Instructions to follow ▸ Copy only those lines which run from the line containing "It is made in" to the end of the entries below, both inclusive, exactly as written and with no pictures.

Dataset records ▸
+++++

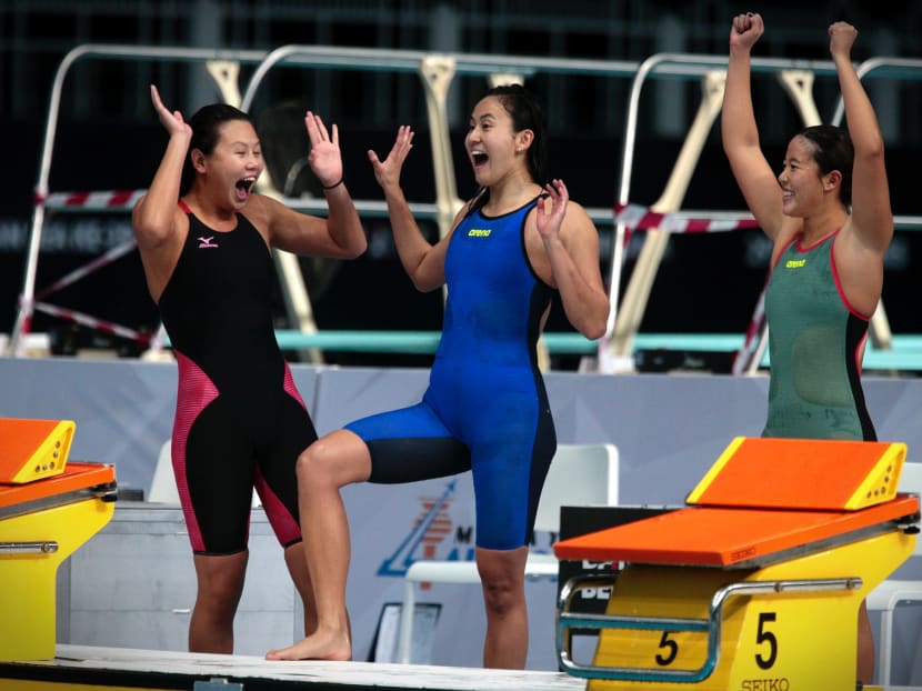 Quah Jing Wen, Christie Chue, Quah Ting Wen and Rachel Tseng react after winning the SEA Games womens 4x200m freestyle relay. Photo: Jason Quah/TODAY
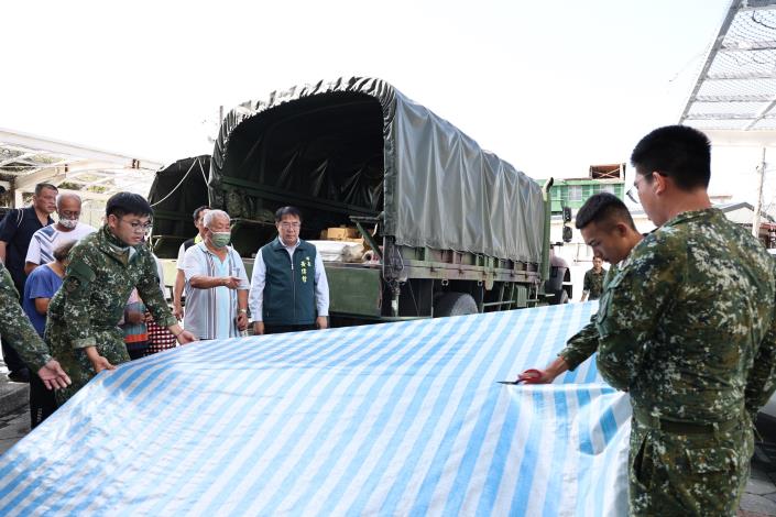 台南市長黃偉哲今(18)日前往鹽水區視察災後復原進度,探視協助救災的國軍、志工與災後臨時工人力,逐一致意並表達感謝之意。期間也於公所聆聽多位民眾反映風災帶來的實際困境,現場指示相關單位儘速協助。
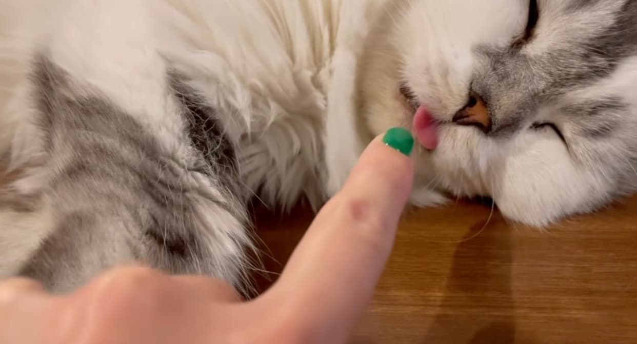 この投稿には多くのいいねの他、「オクラちゃん、可愛い❤️🐈」「びっくりして指引っ込めるのかわいい😂」などのコメントが寄せられている。
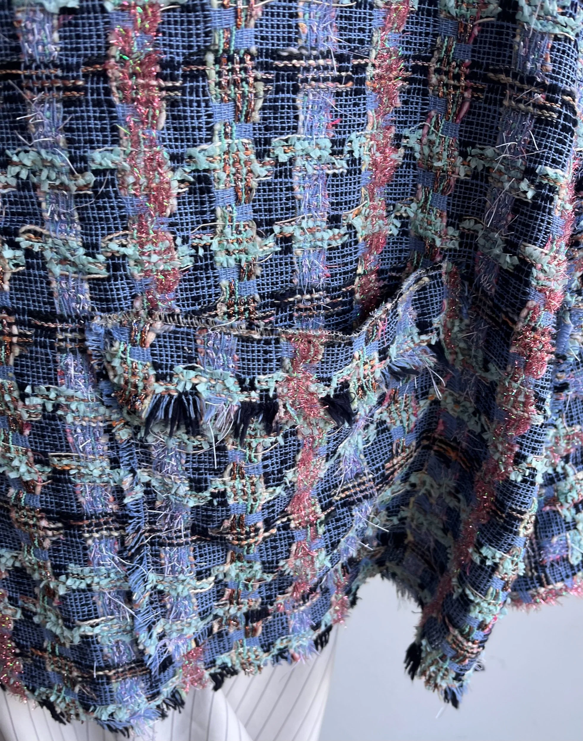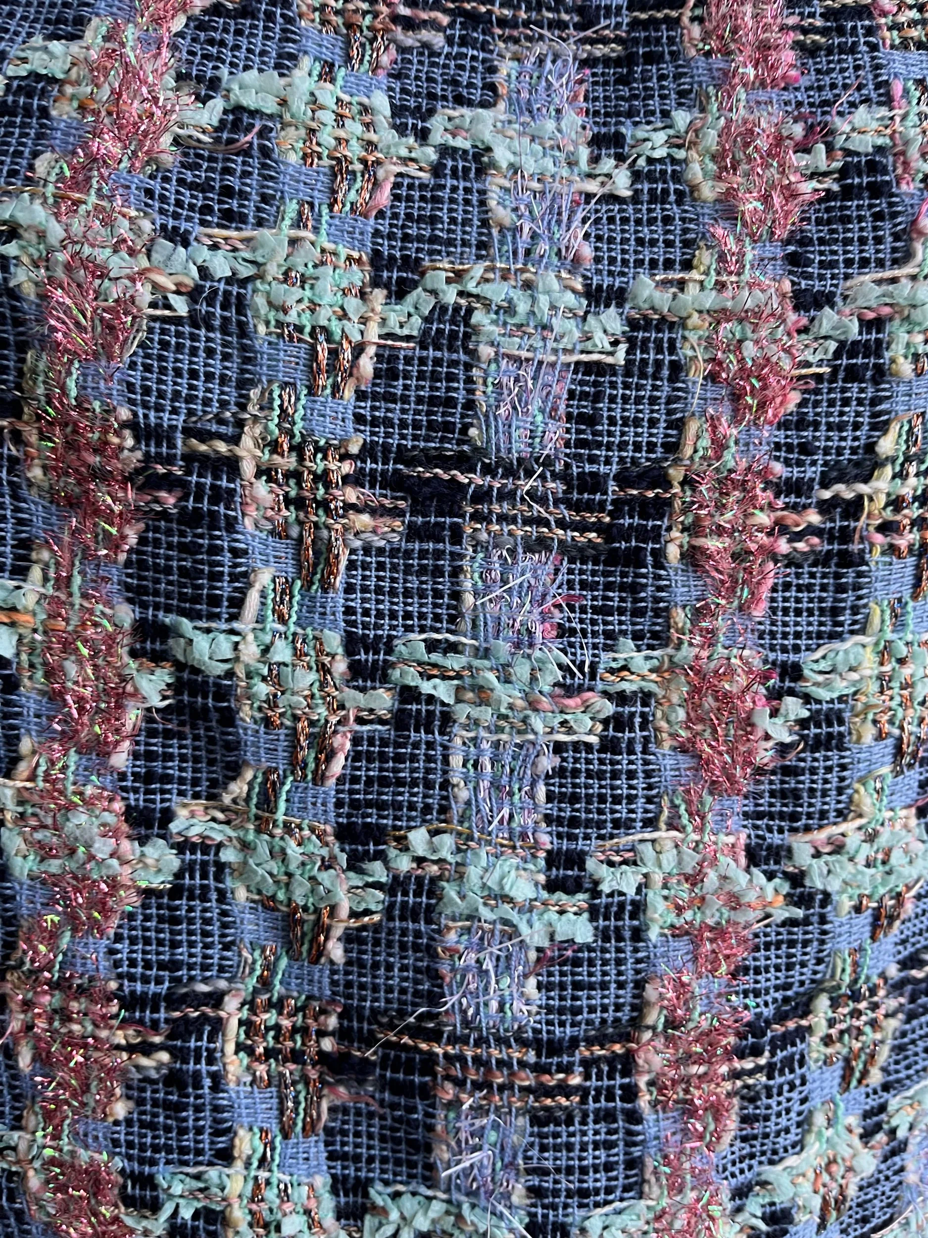 It is made in shades of blues,turquoise and a pink lurex.
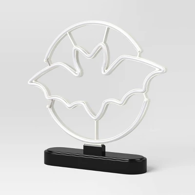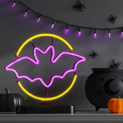 Impress all the trick-or-treaters on the scariest night of the year with the Lit Neon Moon and Bat Halloween Decorative Prop from Hyde and EEK! Boutique™. The decorative prop features a neon yellow moon with pink bat on the inside and a rectangular stable base. The prop also lights up with the included batteries to add an eerie glow to your display.
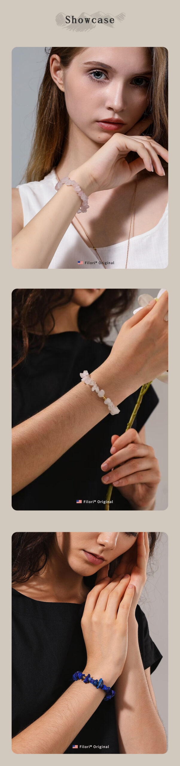 ✧Material: Hand-selected,100% natural tumbled gemstone chips ✧Accents: 18K gold-plated beads ✧Cord: Premium stretch cord for a comfortable, adjustable fit ✧Bracelet Size: Approx. 6.9″ (17.5 cm) fits most wrists ✧Gemstone Chip Size: Approx. 0.2″–0.4″ (0.5–1 cm)
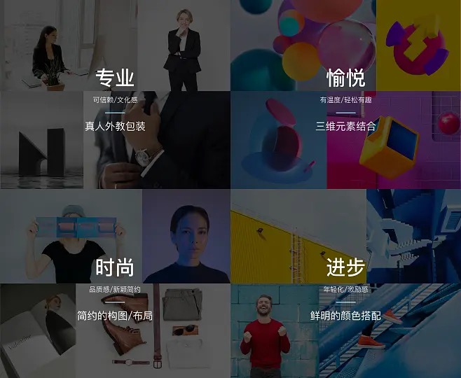 要有结果.产出情绪版只是我们整理视觉思路的一个过程,我们使用工具的目的是帮助我们得出结论,通过情绪板分析整理出视觉风格的定位才是我们最终要输出的结果.情绪板的终点不是图片合集,是通过图片合集挖掘出来的设计风格和品牌色的提取.视觉风格可以分为五个方面进行整理.颜色、字体、构成、图形和质感.
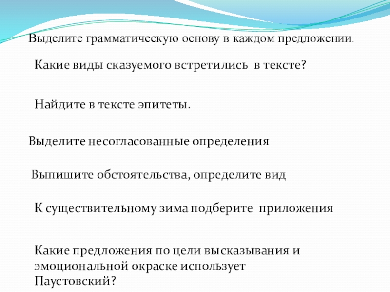 Слайд 10Выделите грамматическую основу в каждом предложении.
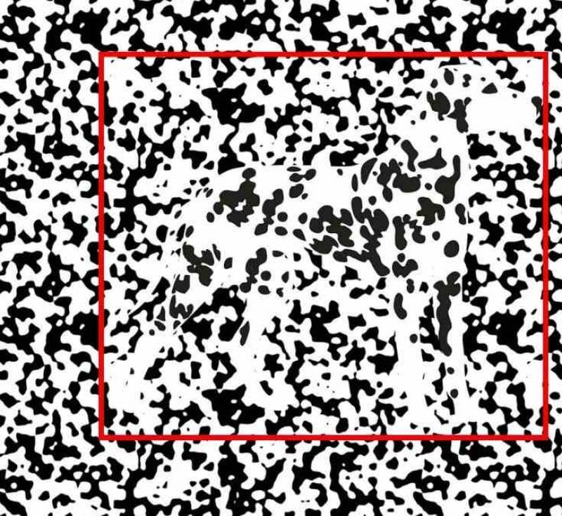 Wśród chaotycznego wzoru czarnych i białych kropek ukryta jest sylwetka psa. Kluczem do sukcesu jest zmiana perspektywy – zamiast skupiać się na pojedynczych punktach, spróbuj dostrzec cały kształt, który wyłania się z tła.

+++++

Response ▸
 It is made in shades of blues,turquoise and a pink lurex.
 Impress all the trick-or-treaters on the scariest night of the year with the Lit Neon Moon and Bat Halloween Decorative Prop from Hyde and EEK! Boutique™. The decorative prop features a neon yellow moon with pink bat on the inside and a rectangular stable base. The prop also lights up with the included batteries to add an eerie glow to your display.
 ✧Material: Hand-selected,100% natural tumbled gemstone chips ✧Accents: 18K gold-plated beads ✧Cord: Premium stretch cord for a comfortable, adjustable fit ✧Bracelet Size: Approx. 6.9″ (17.5 cm) fits most wrists ✧Gemstone Chip Size: Approx. 0.2″–0.4″ (0.5–1 cm)
 要有结果.产出情绪版只是我们整理视觉思路的一个过程,我们使用工具的目的是帮助我们得出结论,通过情绪板分析整理出视觉风格的定位才是我们最终要输出的结果.情绪板的终点不是图片合集,是通过图片合集挖掘出来的设计风格和品牌色的提取.视觉风格可以分为五个方面进行整理.颜色、字体、构成、图形和质感.
 Слайд 10Выделите грамматическую основу в каждом предложении.
 Wśród chaotycznego wzoru czarnych i białych kropek ukryta jest sylwetka psa. Kluczem do sukcesu jest zmiana perspektywy – zamiast skupiać się na pojedynczych punktach, spróbuj dostrzec cały kształt, który wyłania się z tła.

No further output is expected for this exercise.